Wednesday, February 23, 2011

The sacred feminine

The Shaw Island Library was open yesterday afternoon, and they have a wireless connection, so I took my husband there with his computer so he could check his email, and I went off to Neck Point, the farthest tip of the island, where we lived for three years in a rented cabin perched in the trees on a cliff above the water, looking south toward Friday Harbor.

The very tip of Neck Point is separated from the rest of the island by a narrow neck of land, just wide enough for a two-lane road, with beaches on both sides. The northwest-facing beach looks out to a small wooded island, a couple of docks, the mountains of Canada, and some of the most glorious sunsets I’ve ever photographed. The southeast-facing beach is separated from the road by a tidal lagoon stacked high with driftwood: the winds here are almost always from the south, and the beach itself houses one of the finest driftwood collections I’ve seen apart from the amazing ocean beach at LaPush.

It was here, walking this beach with my camera after my mother died, that I got my start in photography, and it was lovely to visit my old friends: many of the larger and more striking pieces of driftwood have been here at least 15 years, and though the day was dry so they were bereft of the beautiful colors they take on when wet, they were still calling to me.

This one, for example, which I have photographed many times and from many angles, speaks to me of the sacred feminine which we characterize so often as Mother Earth – perhaps because I’ve just been re-reading Alice Howell’s The Dove in the Stone: Finding the Sacred in the Commonplace, in which she says:

“The new theology speaks of a ‘creation-centered spirituality.’ For many of us this means a return of the goddess – or the feminine aspect of the Godhead – fostering a love and appreciation of our planet and its creatures, and a new ecology. If any stone is the House of God, by extension, the Earth itself is mother to meaning, to consciousness.”

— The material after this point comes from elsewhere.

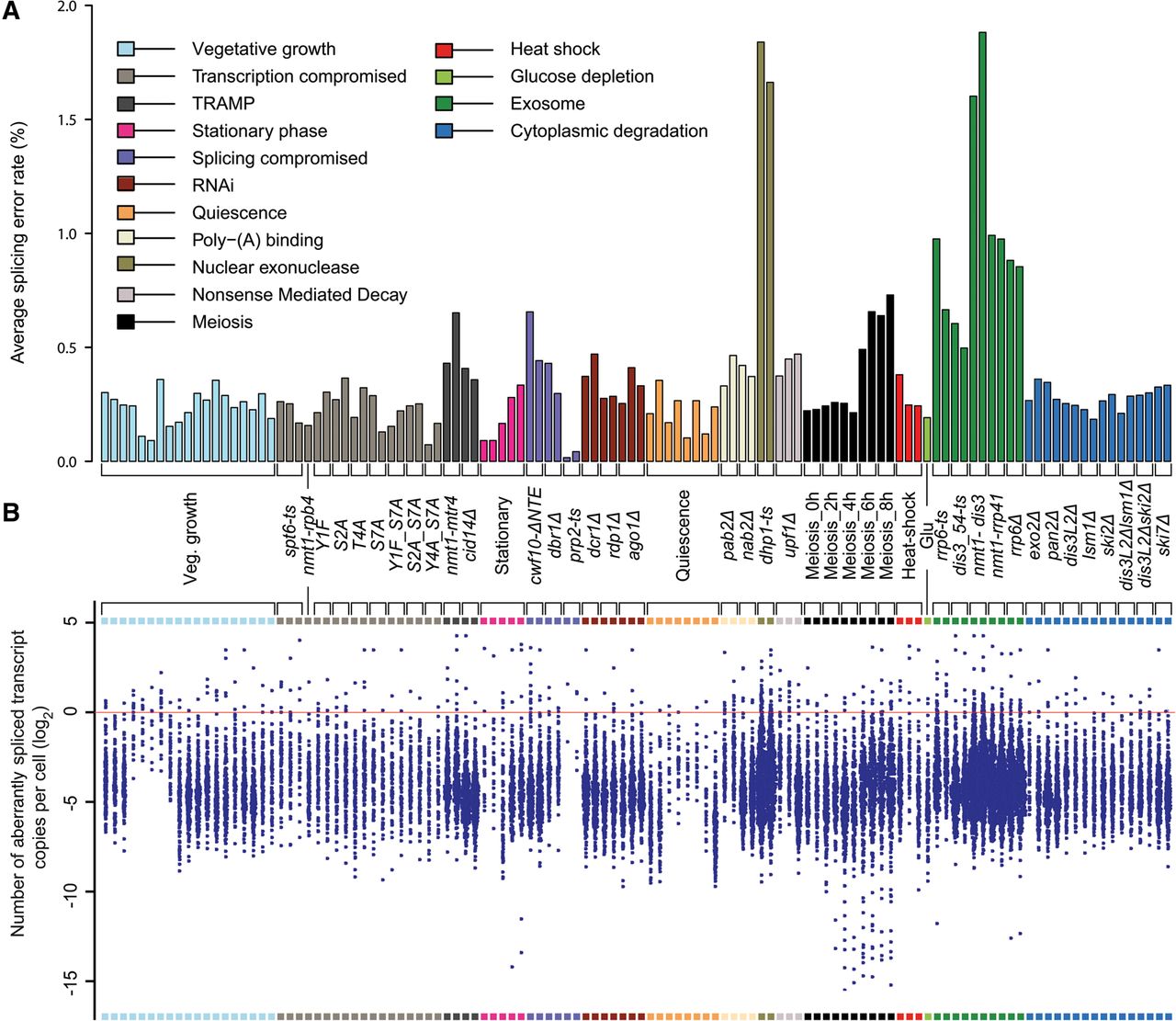 Splicing errors by exon skipping are eliminated by nuclear RNA surveillance. (A) Average splicing error for a given sample. Set of 2504 exon-skipping events for which both normal splicing and exon-skipping reads were identified in one or more samples. The splicing error rate for a locus is equal to corresponding local ESR (Supplemental Table S4). The values shown are averages of all local ESRs in a sample (Supplemental Table S7). Physiological conditions or mutants as indicated below were grouped and color coded according to cellular function or condition tested (Supplemental Table S1). (B) Number of aberrantly spliced transcripts per cell. To estimate this number, we multiplied local ESR for each exon-skipping event by corresponding transcript copy number (Supplemental Tables S8; Marguerat et al. 2012). Absolute cellular numbers of transcripts from growing cells were used as the gold standard for all samples, except for quiescence, where reported absolute numbers were used. Each blue point represents the copy number of an aberrantly spliced transcript. To avoid log2 of zero, exon-skipping events with local ESR/splicing error of zero were removed. Strains as indicated in A.

I’ve never been one for goddess-worship, but I have come to know the feminine aspect of God (in my church we speak of “the Holy Spirit, who broods over creation like a mother over her children”), and know also that I feel closer to that feminine spirit here, on this tiny island, than I have anywhere else in the world.

3 comments:

Maureen said...

Neck Point on Shaw must be a glorious place to visit.

D.M. SOLIS said...

This is beautiful. Taking it in. Thank you, peace,

Diane

Holly said...

Sounds divine and a truly evocative photo of the divine feminine.